Combining centres of mass and Inertia tensors

Question

I'm trying to build the dynamic model of a 6DOF robot, and the company that has built it, kindly provides a document having the masses, centres of mass, principal axes of inertia and principal moments of inertia taken at the center of mass, taken at the center of mass and aligned with the output coordinate system, and taken at the output coordinate system (I've come to known that this was obtained from a tool in SolidWorks)

The robot has 6 actuators responsible for the motion of each one of the 6 links available. The problem that I have here is the way I should calculate the inertia matrix $M(q)$. Since the matrix has to have a 6x6 dimension, I know that I have to do some kind of "combining" between one link and the correspondent actuator. The problem is that I don't really know how can I find the respective centre of mass between the two "objects" and the respective moment of inertia of the "multiobject". I've seen people saying that it is simply the summation of the respective moments of inertia but they need to be in respect to the same orientation and translation.

Can anyone shed some light into this? Suggestions would be greatly appreciated.

Thanks

Answer 1

You are lucky to have the inertial parameters for the robot! This is something that manufacturers very rarely share and it is hard to reverse engineer.

Given that you have these inertial parameters, plus a kinematic model expressed in Denavit-Hartenberg parameters, then a very well known and efficient algorithm called recursive Newton-Euler (RNE) can compute the joint torquse required to achieve a particular acceleration, given joint angles and velocities. Calling this algorithm 6 times (with zero velocity, unit acceleration, and zero gravity) will allow you to build up the joint-space inertia matrix column by column.

In practice the inertia of the motors, amplified by the gear ratio squared, is of a similar order to the link inertias and must be taken into consideration. These terms are added to the diagonal of M.

The RNE algorithm can be found in most robotics textbooks and is implemented in various robotic software packages. Using this algorithm to determine the joint-space inertia matrix is part of "Method 1" described in: Efficient dynamic computer simulation of robotic mechanisms, M. W. Walker and D. E. Orin, ASME Journal of Dynamic Systems, Measurement and Control, vol. 104, no. 3, pp. 205-211, 1982. Other algorithmic approaches exist but given the efficiency and ubiquity of RNE this is a pretty good way to compute M for a 6-axis manipulator.

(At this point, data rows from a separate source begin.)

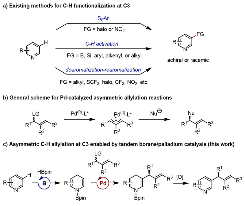近年来,王晓晨课题组以及McNally、Studer、余达刚和林松等课题组采用了去芳构化–再芳构化策略,在C3位实现了多种官能团化反应(J. Am. Chem. Soc. 2022, 144, 4810−4818; J. Am. Chem. Soc. 2022, 144, 14463–14470; Science 2022, 378,773–779; Science 2022, 378,779–785; Nature 2023, 615, 67–72; Angew. Chem. Int. Ed. 2023, 62, e202216894)(图1a)。近期,王晓晨课题组通过硼、Ir接力催化,实现了吡啶C3位不对称烯丙基化反应(J. Am. Chem. Soc. 2023, 145, 11789–11797)。近日,王晓晨课题组又成功实现了硼、Pd接力催化的不对称烯丙基化反应(图 1c),相关成果发表在Angew. Chem. Int. Ed.上。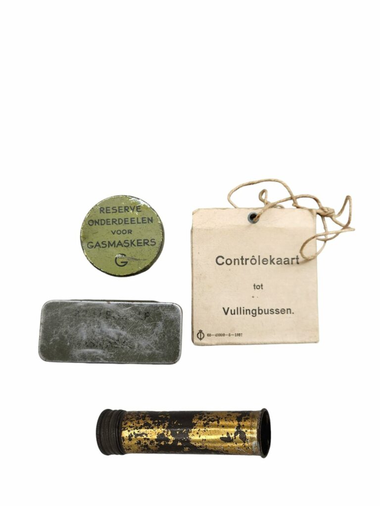 Set accessoires om de gasmasker G tas compleet mee te maken. De set is in in een goede staat en zelfs inclusief de vaak missende controle kaart. Prachtige set om het gasmasker compleet te maken.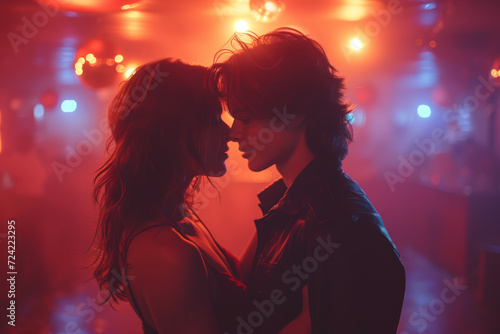 A couple dancing under a dimly lit disco ball, capturing the groovy atmosphere of a 70s-themed party. Concept of disco fever. Generative Ai.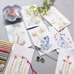 Voor aquarelverf heb je speciaal aquarelpapier nodig dat vaak gemaakt is van 100% katoen of cellulose. Dit papier is dik en kan goed water opnemen zonder te vervormen. Dikte en textuur kunnen variëren, dus je kunt experimenteren met glad, gestructureerd of grof papier om te zien welke resultaten jij het mooist vindt.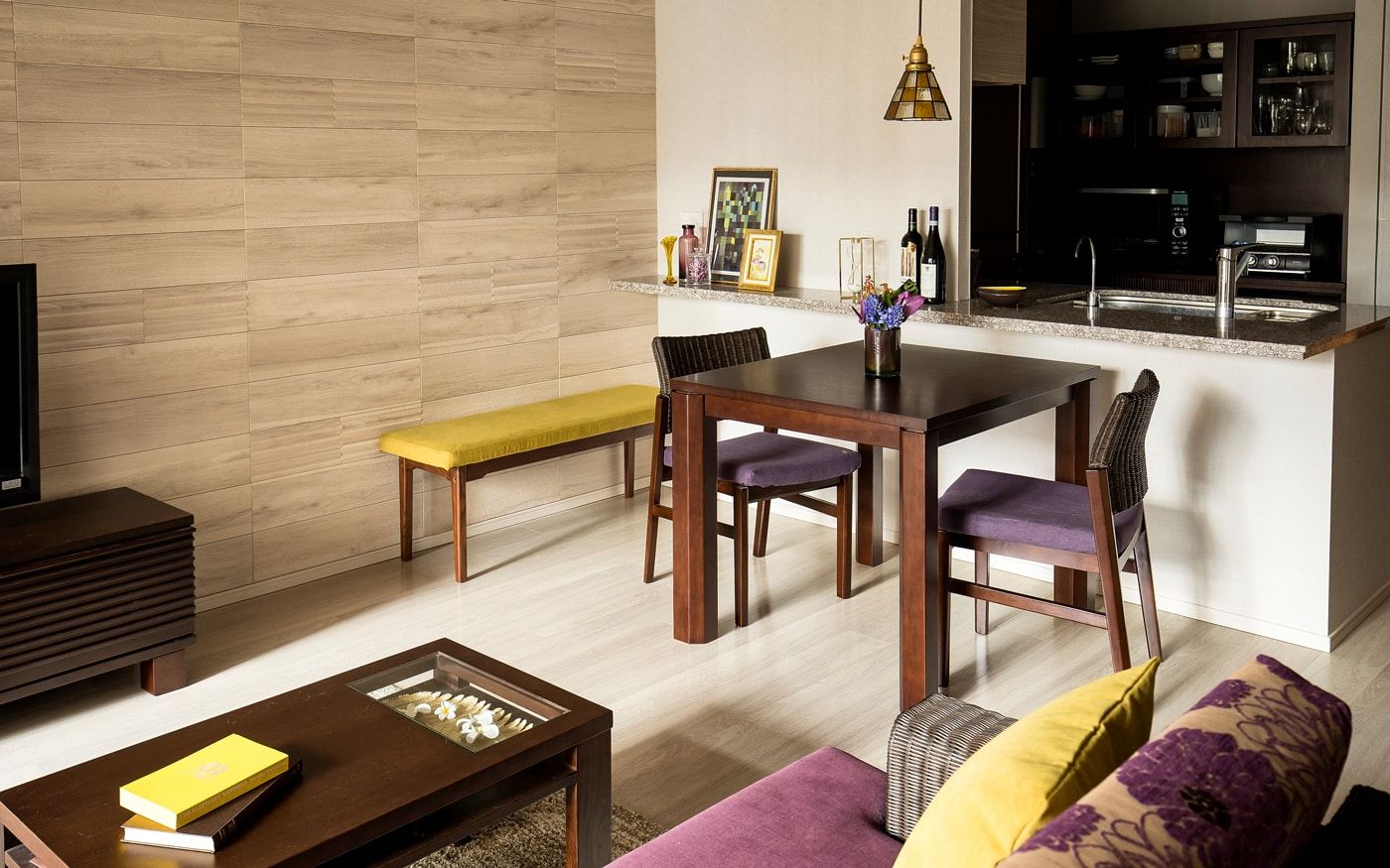 無彩色をベースに華やかなパープルで彩るダイニング・インテリア実例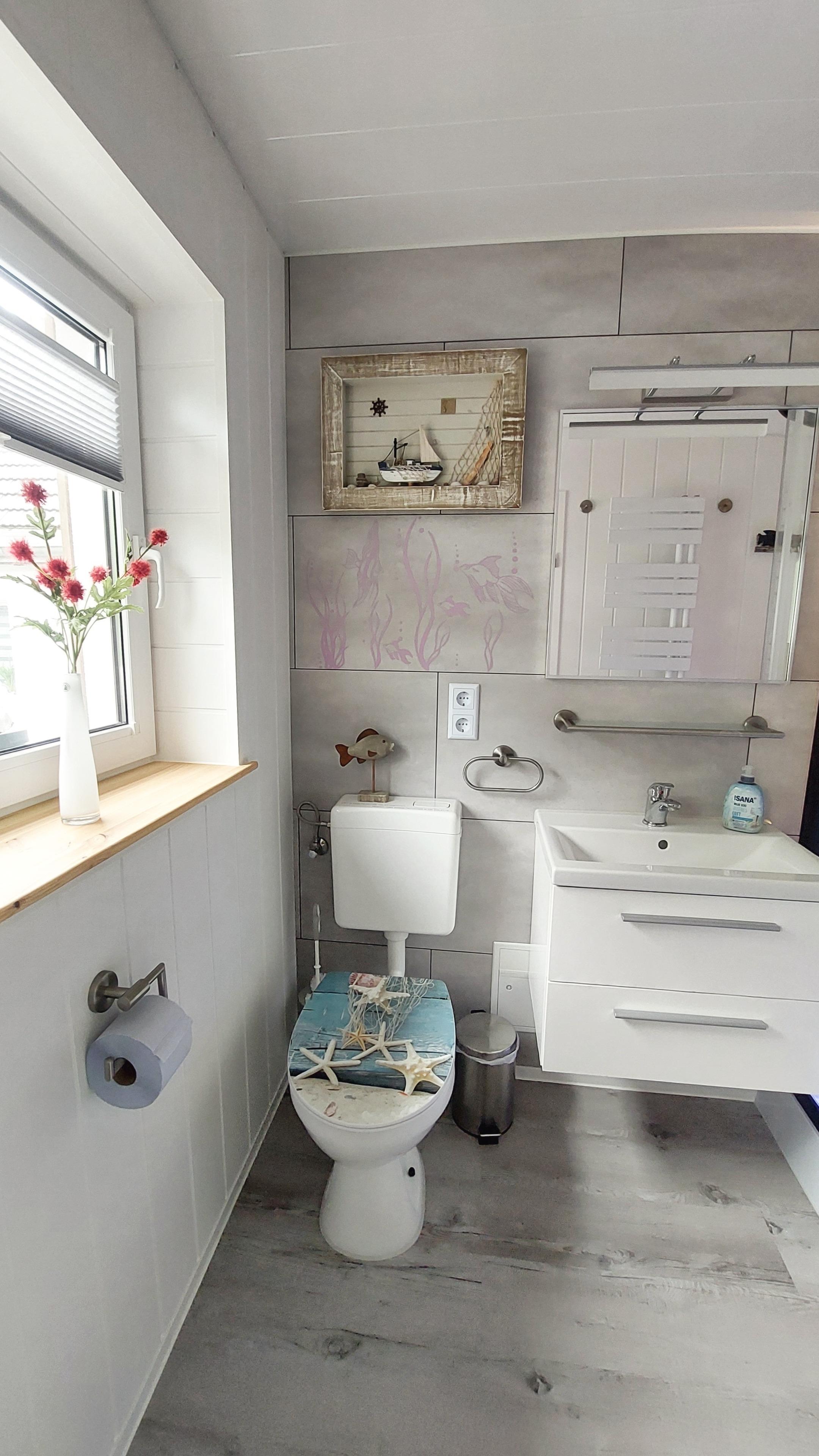Das "Strandhus up`n Dörp" hat einen Wohn-/Schlafraum mit 2 Einzelbetten, Küchenzeile und Bad mit Dusche im maritimen Flair.
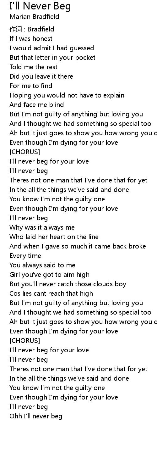| Ohh I' ll never beg |

Both algorithms mentioned are implemented in the Robotics Toolbox for MATLAB. The Toolbox allows you to enter the kinematic and inertial parameters, as well as friction models and motor inertia, to investigate the dynamics of robot manipulator arms.

Answer 2

This site about robotics walks you through how you can define the link inertias in the local frame, then use transformations to come up with $M$. It is pretty straightforward. Just remember to define link parameters locally, then premultipy by the appropriate transformation.